His eldest sister Sarah, now 37, recalls: 'He came and sat in a chair and laughed without stopping for a week. He just had hysterics. He was obviously ill but it was so bizarre because he was laughing all the time.'

He began to suffer from increasingly frightening nightmares and delusions. Jonathan's mother Pam, now 60, persuaded him to see the local GP, who prescribed medication. This controlled the delusions and but caused depression.

Jonathan's other sister Kirstie, 36, wrote down some of her memories of that time: 'Very soon he stopped taking the tablets and started to fear the doctor. Without medication, his health deteriorated very quickly. His mind became full of delusions; imaginary people and voices taunted him . . .' Over the next few years, Jonathan spent time in Clifton psychiatric hospital in York but on early visits he escaped.

As the paranoia deepened he started carrying around weapons - a knife and a small wood chopping axe - to protect himself from imaginary evil forces. He started beating up his mother and Sarah and once he attacked his estranged father Tom with an iron bar. Although divorced from Pam when Jonathan was nine, Tom returned from the United States when he heard how ill his son had become. He stayed to look after him and ended up looking after his former wife who now needs 24-hours a day care.

By 1988 Jonathan was returning home to terrorise his mother and Kirstie, both of whom he came to fear and hate. Kirstie wrote to his psychiatrist warning that unless something was done she feared Jonathan would kill his mother. He almost did.

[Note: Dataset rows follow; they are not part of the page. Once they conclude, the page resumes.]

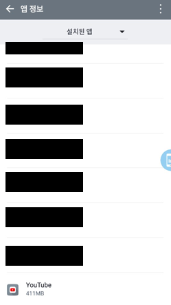 앱에 들어가셔서 설치된 앱을 보시면 YouTube를 발견하실 수 있습니다.
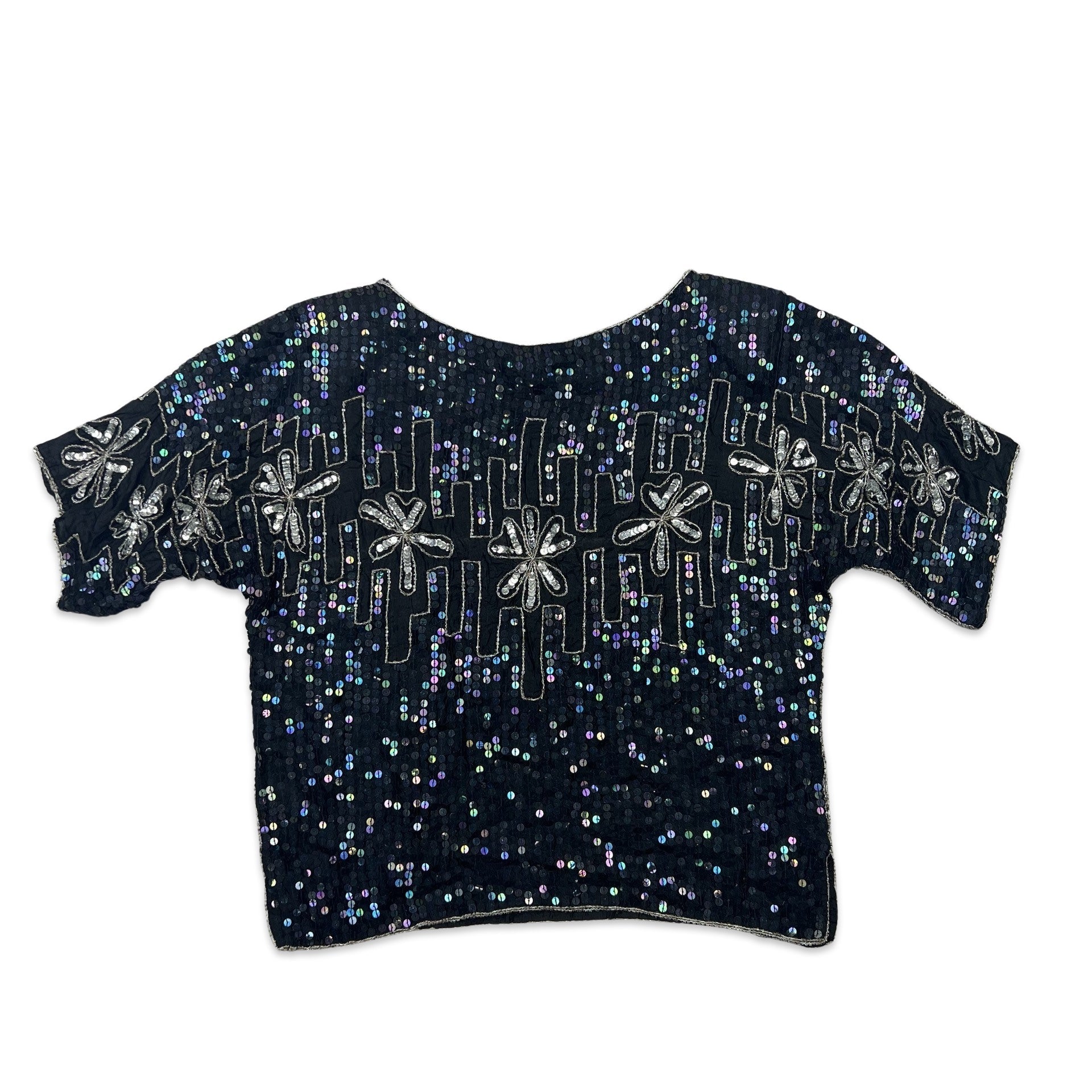 Vintage 80s style scoop neck boxy oversized sequin blouse. Flower sequin pattern. Batwing. Shoulder pads. Size splits
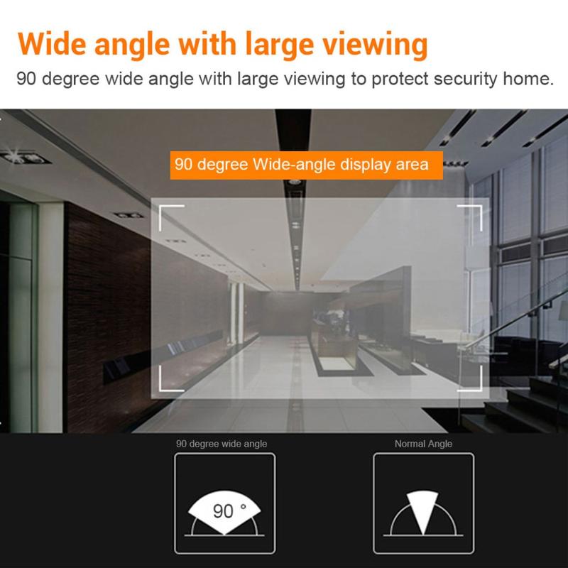 A lente de 90° proporciona um amplo campo de visão, permitindo-lhe ver os visitantes e os arredores mais claramente do que com um olho mágico tradicional.
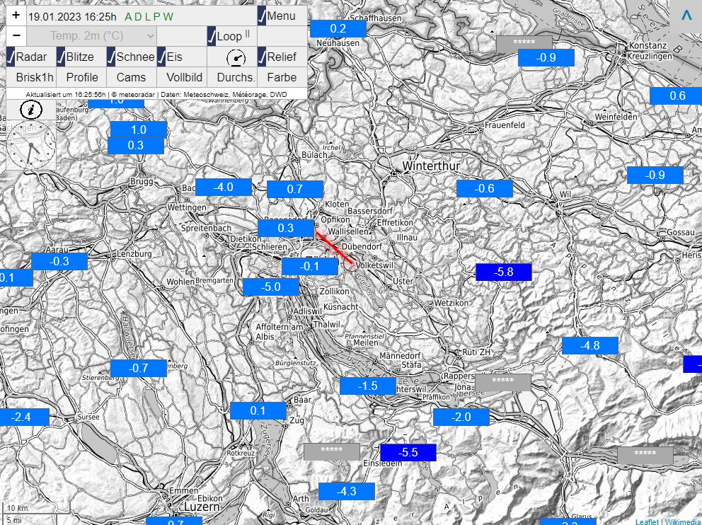 Es würde passen. Kloten und Tänikon (ohne Schnee) sind bsp. leicht im Plus, Wädenswil und Lachen (mit Schnee) klar im Minus. Normalerweise ist es eigentlich eher umgekehrt. Auch weiter westlich gibts diesen Unterschied, bsp. im Kanton Bern.
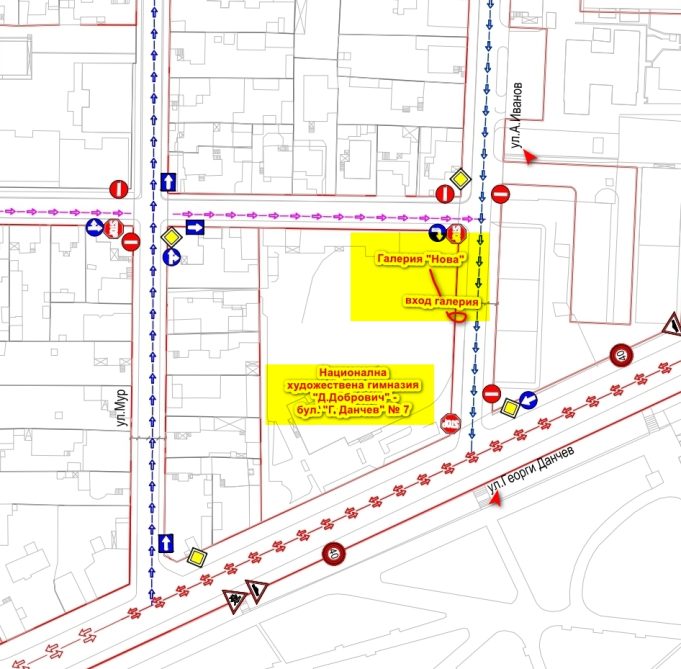 Входът за галерия „Нова“ е от улица „Антон Иванов“. За гражданите, които не знаят къде се намира галерия „Нова“, за улеснение прилагаме схема с указания в прикачен файл.

In April 1988 in a frenzied attack with a motor cycle chain, Jonathan knocked his mother through a glass door and battered her around the head and face until she was unconscious, unrecognisable and irreversibly brain damaged.

In July 1989 Jonathan was convicted of causing grievous bodily harm and ordered to be detained under the Mental Health Act. Now being treated for schizophrenia in Rampton Hospital, Nottinghamshire, for patients under special security, he is due in April for his annual hearing before a Mental Health Review tribunal.

His family expect him to be released this year or next into sheltered accommodation under the supervision of two psychiatrists. They are frightened at the prospect he will return to his roots. Since the system could not cope with him last time, they are not convinced it will in future.